You have a service, or an app running as one, that is trying to pop-up a window from the SYSTEM (session 0) desktop to your logged-on

session. By default, this is NOT allowed anymore - it worked in XP/2003/downlevel OSes because in those OSes, you logged into session 0, but not so anymore in Vista / Server 2008.

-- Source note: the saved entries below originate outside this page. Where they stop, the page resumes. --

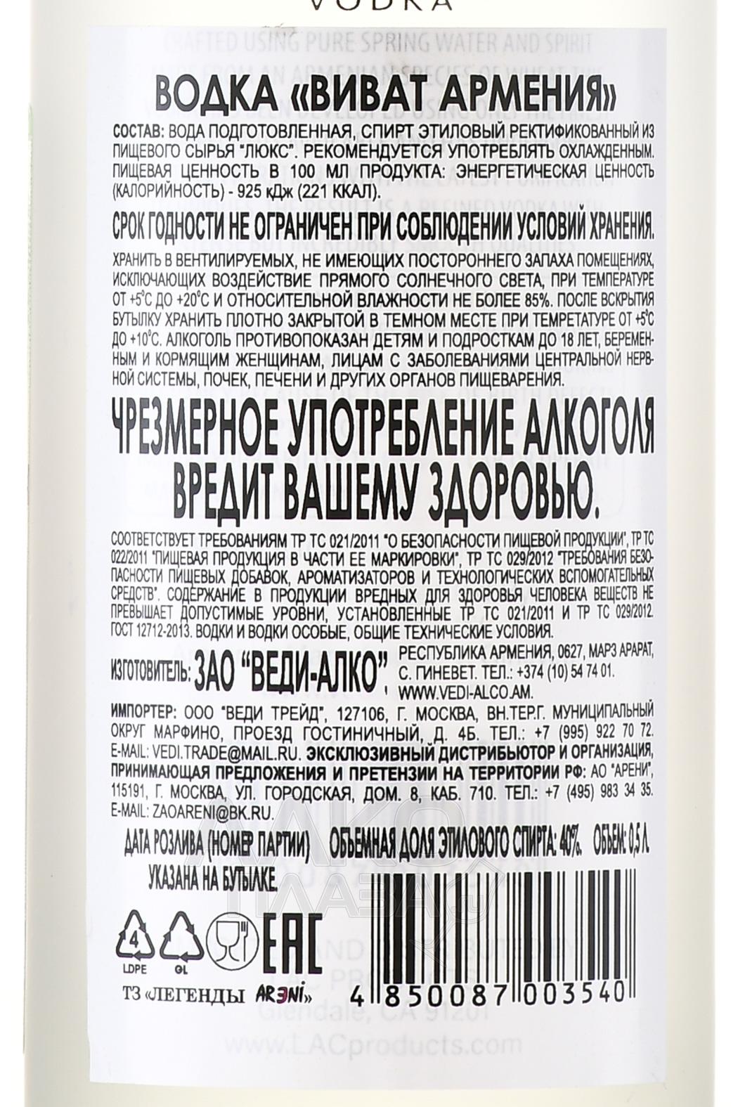 Водка Vivat Armenia 0,5 л создана на основе спирта «Люкс», полученного из отборного зерна высшего качества. Каждая партия напитка проходит тройную дистилляцию, а затем – угольную фильтрацию для удаления примесей. При изготовлении используется артезианская вода, добытая с глубины 150 метров, а различные улучшители вкуса не применяются. Разработка уникального дизайна этикетки велась почти полгода. Ежемесячно выпускается порядка 50 000 бутылок, каждая из них проходит 12 этапов контроля качества, а на выходе снабжается серийным номером, подтверждающим подлинность.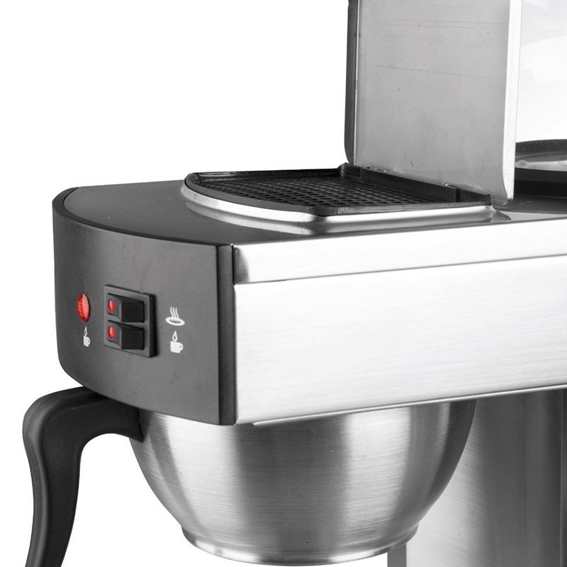 Die kaffeemaschine mit zwei kannen, glas, mit einem fassungsvermögen von 180 liter, die halten den kaffee warm, indem sie auf die platten, die wärme, die sich unterhalb der filter und im oberen teil der kaffeemaschine. Denken sie daran, dass diese platten eignen sich zum warmhalten von kannen gefüllt, so dass, wenn sie wenig kaffee können sich erwärmen und verderben den geschmack.
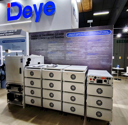 Les solutions de stockage tertiaires sont toujours à base de batteries LFP et modulaires. DEYE met en avant ses modules SE CSI de 100 kW (215 kWh) ou 125 kW (241 kWh) de puissance, couplables pour atteindre 2,5MW avec 16 modules, soit 3856 kWh. © PP
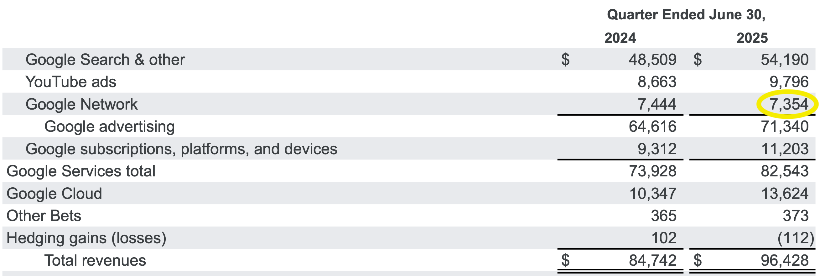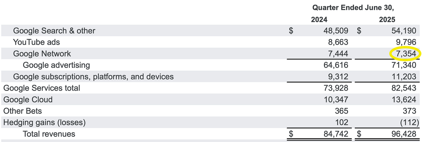 En mi opinión, a Google esto le da bastante igual. Según los datos publicados esta semana con los ingresos del Q2 de 2025, AdSense apenas representa un 7% de su facturación (es la partida de Google Network de la siguiente imagen, que incluye más cosas, pero por simplificar).

The fact that it's ieframe.dll in IE trying to do it indicates some app or service running under system is suspicious (most apps use their own windows under their own apps to display windows, so some app using IE is definitely at least suspicious). I'd run autoruns to disable all non-Microsoft items, and perhaps shellexview to disable all non-Microsoft shell extensions, and msconfig to disable non-Microsoft services and see if the problem goes away.

Link to comment
Share on other sites

I've had the same exact problem (with that same file ext.) for about a week now. Dell help suckkkkks. and though I spent hundreds on warranties they won't touch it for free....

I've thought of tons of things it could be (recently had itunes update, vista update, downloaded bittorrent, and used a key gen). I uninstalled bittorrent and several other crappy peer to peer things I rarely used, and have added itunes and realplayer type stuff to my firewall protection in case they were accessing something... I am a novice a techy stuff, but since I'm born into the computer generation, and not totally mentally deficient, I've been googling things and taking some steps others have. I have looked into my services and found what could be a few odd things, but googled them and seems ok.

I downloaded hijack app. and will post my log here as well.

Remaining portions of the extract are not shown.